What is Accelerated Study?

What is Accelerated Study?

Accelerated study reduces the time required to earn a degree via accelerated 8-week online classes, credit for work & life experience, and credit by examination.

You can use accelerated study to finish college fasterAccelerated study may be the best kept secret in higher education.

For many, the college experience is a commitment to years of study and countless hours spent on campus – a burden that people who have jobs, families, and other responsibilities simply can’t afford to handle. But just because you can’t commit to the daily grind of traditional college life, that doesn’t mean that you’re up the creek without a paddle.

Accelerated study is the process of reducing the time it takes to acquire a degree by  getting college credit for life and work experiences, testing out of courses, and using accelerated online classes to graduate faster.

With the help of the accelerated study approach to higher learning, you can expedite the degree process significantly, all while staying on top of the countless other duties and responsibilities that make up your everyday life.
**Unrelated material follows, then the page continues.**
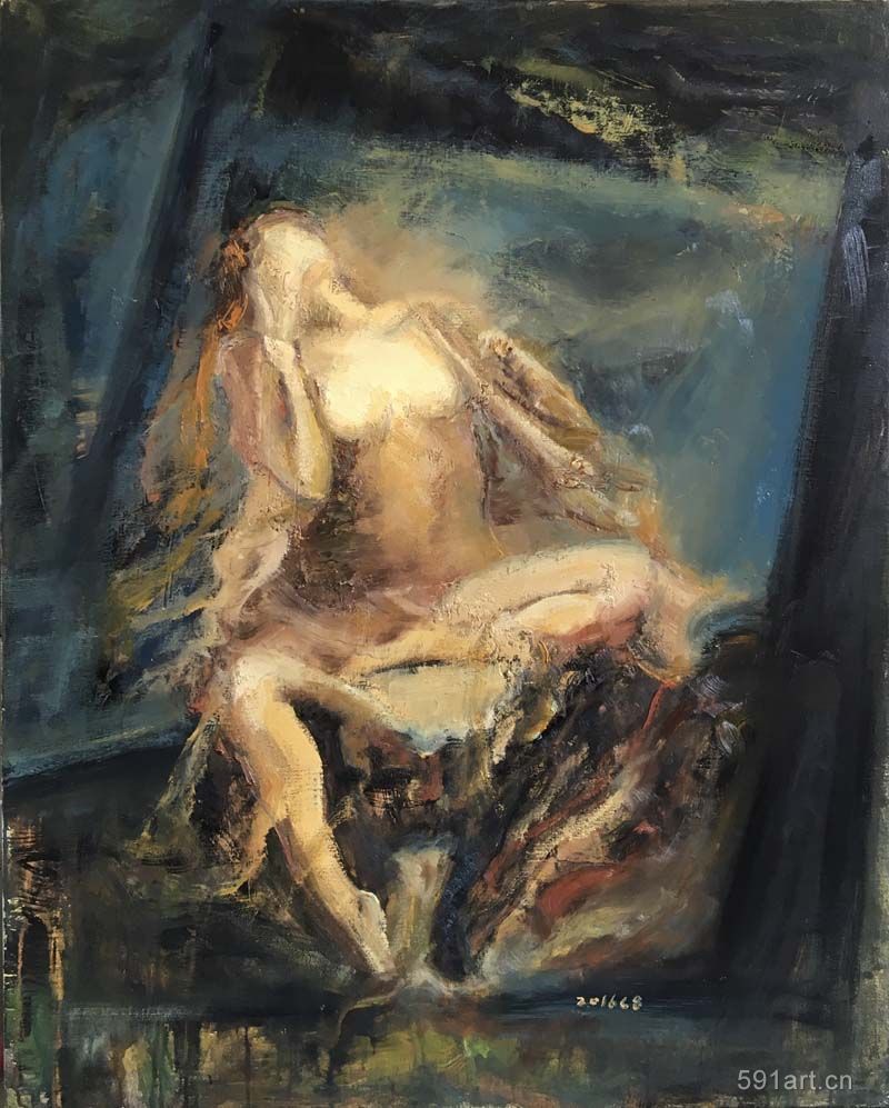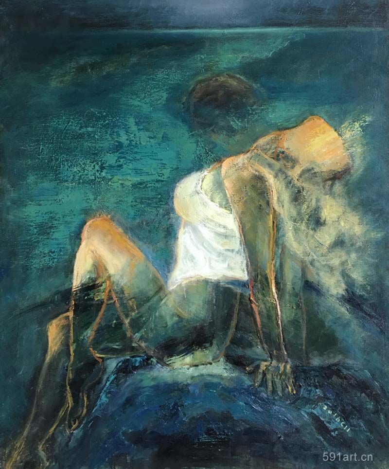 雖歷經(jīng)一年,但從時(shí)間上遠(yuǎn)不止365天的堆積與醞釀,圖中人物描繪,盡情地訴說心中的那份涌動,細(xì)膩地描述女性心中的那份細(xì)柔的遐想,讓一點(diǎn)一滴的情懷鑲嵌布面閃著光亮的畫眼,每每完成一作品,總能釋懷,仿佛與陌生的行者進(jìn)入一次心靈相遇,而有時(shí)卻莫名的悲傷;有時(shí)卻春欲萌動……二種情愫之間總是釋放著一種過于單純和原始的語言,由于自我的本性使然,作畫過程中無意讓自己精疲力盡,當(dāng)期待中那種感動的思緒來訪問時(shí),最終還是沒有讓精神個(gè)體得到真正的滿足,故,還試圖不停尋找可以更好的暢游的方式,到底用何種名不經(jīng)傳的繪畫方式和別具一格語言使其日久經(jīng)營的色彩和形體得到統(tǒng)一,最后使內(nèi)心的呈現(xiàn)展示無疑?這是我的思考。

How to create your own accelerated study degree plan

The standard bachelor degree requires 120 credit hours, the equivalent of 40 college classes.

Instead of sitting in all of these classes, many students (myself included) have opted to use accelerated study to receive credit for life and work experiences and test out of classes using CLEP and DSST exams.

In addition to these non-traditional means of earning college credit, you can also significantly accelerate the path to your degree by enrolling in accelerated 8-week classes, making use of institutional degree completion programs, or transferring college credits you earned at an earlier time.

Let’s take a closer look at each of these accelerated study options.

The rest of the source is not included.